The tycoon twins had numerous business interests in Sark
The millionaire Barclay brothers have defended their decision to close their firms on the Channel Island of Sark.
Twins Sir David and Sir Frederick, 73, told the Sunday Telegraph they were responding to what people had voted for in the island's elections last week.
They said voters rejected their candidates who supported more radical reforms of Sark's feudal system.
The brothers own land on Sark, all of neighbouring island Brecqhou and, among other firms, the Telegraph Media Group.
Sark's first election to choose a democratic government for nearly 450 years was held last Wednesday.

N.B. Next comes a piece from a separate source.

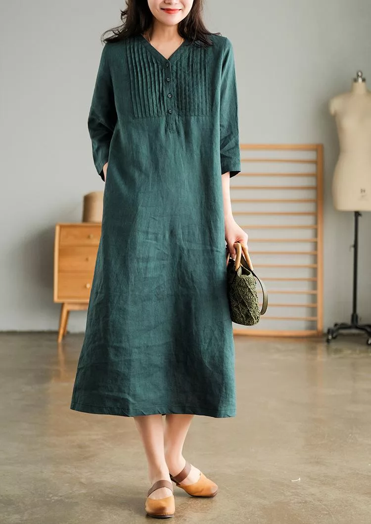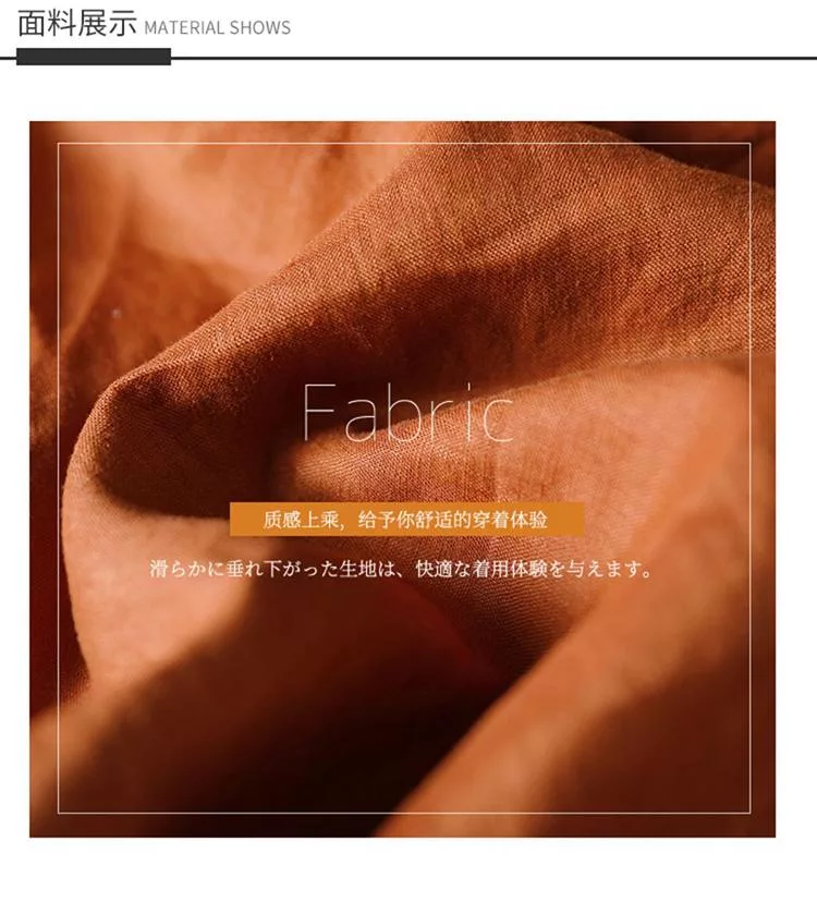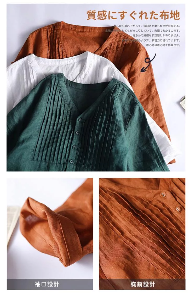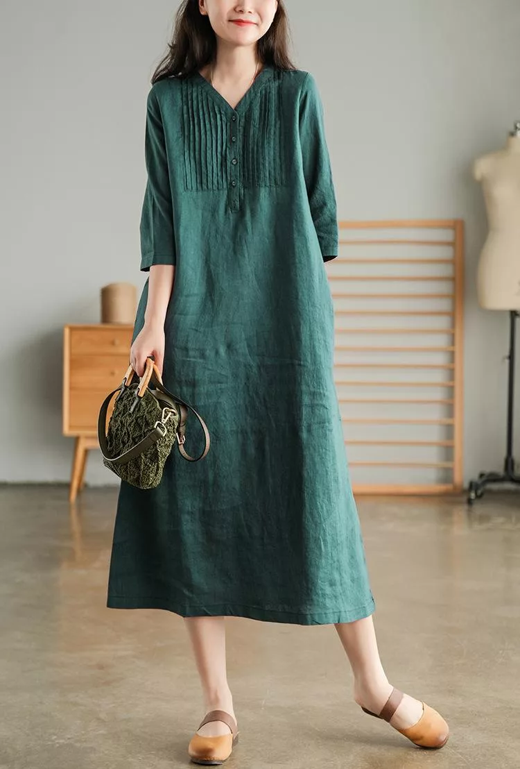 【慢。生活】春夏文藝亞麻感五分袖風琴褶V領連衣裙 9880  FREE 橘色

The Barclay brothers announced the withdrawal of their Sark investments after the majority of candidates they had backed for Sark's new 28-member chamber failed to win election.
The multi-millionaire twins object to the hereditary post of seigneur, as well as the seneschal who acts as both chief judge and the speaker in the island's government, the Chief Pleas.
The closure of their firms - including hotels, shops, estate agents, building firms and restaurants - led to the loss of 140 jobs.
In a statement to the Telegraph, the brothers said they still had a "passion for the island" which they had "loved since they visited it as children".
But, they said, the Barclay family had "hoped for some endorsement of their vision for Sark from the electorate last Wednesday".
"Sir David had made it quite clear before the election that, if this did not materialise, they would have to reconsider their investment programme. That is what has happened," it continued.
"As they see it, there is no point in continuing to invest £5m per annum when the Sark electorate has said very clearly that it does not want their representatives involved with Sark."
The brothers regarded the election as a referendum on their plans to continue investing in Sark, which has a population of just under 500.
Sir David had warned before the election that he and his brother were "tempted to walk away from Sark … if the establishment gets re-elected".
Politicians in Jersey have pledged their support for the islanders who lost their jobs and there have been offers of financial support from Guernsey.
Conseiller Paul Armorgie, one of the newly-elected members of Sark's Chief Pleas said the island, would still move forward to "a shiny new democracy".